Memory incoherence between memory spaces portable memory is not synchronized

Hello there!

I have an application that at some point needs to evaluate an unsigned 32bit integer array in two different ways:

A) - The output of __popc(array[/some_index_within_array_range/]) are summed

B) - The output of array[/some_index_within_array_range/] are OR’d, after which they go through __popc() and are summed

To do so I changed a little bit the reduction algorithm in the SDK, namely the reduction6. The more straightforward changes are:

From original to A) and to B)

mySum += g_idata[i+blockSize];                 //original

mySum += __popc((0x0000FFFF & g_idata[i]));    //A) (and also I'm only interested in the LS 16 bits)

mySum|=(0x0000FFFF & g_idata[i]);              //B) (again I'm only interested in the LS 16 bits)

Then on the warp synchronized portion of the code it reads from original to A) and B)

if (tid == 0) 

        g_odata[blockIdx.x] = sdata[0];         //original

if (tid == 0)

        atomicAdd(g_odata,sdata[0]);            //A)

if (tid == 0)

        atomicMax(g_odata, __popc(sdata[0]));   //B)
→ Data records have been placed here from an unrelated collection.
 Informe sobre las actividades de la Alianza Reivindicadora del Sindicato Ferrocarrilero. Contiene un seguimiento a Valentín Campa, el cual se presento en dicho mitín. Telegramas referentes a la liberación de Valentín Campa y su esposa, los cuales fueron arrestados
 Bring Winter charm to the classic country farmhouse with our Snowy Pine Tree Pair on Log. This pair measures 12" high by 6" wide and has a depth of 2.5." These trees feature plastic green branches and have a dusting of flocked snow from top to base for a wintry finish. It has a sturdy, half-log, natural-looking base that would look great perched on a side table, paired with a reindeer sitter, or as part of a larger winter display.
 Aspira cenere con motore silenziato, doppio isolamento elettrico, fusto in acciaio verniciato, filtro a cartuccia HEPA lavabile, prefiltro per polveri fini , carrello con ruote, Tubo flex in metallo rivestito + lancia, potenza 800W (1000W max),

Furthermore, I perform the last stage of the reduction in the GPU.

g_odata is a unsigned int defined on the host side as

cudaHostAlloc((void**)&h_reduction,sizeof(unsigned int),cudaHostAllocMapped | cudaHostAllocPortable);

and on the device side as

cudaHostGetDevicePointer((void**)&m_reduction,(void*)h_reduction,0);

(In the GPU context preamble I’ve declared cudaSetDeviceFlags(cudaDeviceMapHost) on a Tesla C2050, so it’s definitely supported).

But I’m getting and odd thing. If I printf from the device the m_reduction variable it prints a non-zero value, when I printf from host side it prints 0. Since my kernels are called synchronously, what can be the cause for this?
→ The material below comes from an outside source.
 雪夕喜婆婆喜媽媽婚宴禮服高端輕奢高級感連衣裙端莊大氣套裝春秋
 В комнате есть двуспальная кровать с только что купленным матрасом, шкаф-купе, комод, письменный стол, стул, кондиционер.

I can include the source code if required.

Thank you.

This is weird, although it has happened to me before, a reboot solved the memory incoherence. The same test now came clean!

Do you check error codes to see if the kernel has actually run?

I use a cudacheckError function provided in a Dr. Dobbs tutorial

void checkCUDAError(const char *msg)

{

    cudaError_t err = cudaGetLastError();

    if( cudaSuccess != err) 

    {

        fprintf(stderr, "Cuda error: %s: %s.\n", msg, cudaGetErrorString( err) );

        exit(EXIT_FAILURE);

    }                         

}

and all CUDA functions return cudaSuccess.

I’m using CUDA 4.0 but my code was developed in CUDA 3.2. I’ve seen the webinar of CUDA features and read some new functions of the Unified Virtual Addressing but haven’t made any change to my code.

It had to exist to some kind of memory fence instruction (I guess the requirement is a memory fence). Basically, if there wasn’t any cudaDeviceSynchronize() after the reductio kernels the CPU pointers only printed their correct values by an offset of 1 reduction kernel launch.

All is well now. However, since I’m calling the kernels synchronously shouldn’t the CPU print its host pointers after the execution of the kernel? Seems like control is given back to the CPU before the mapped memory space is written, a Write-after-Read Hazard.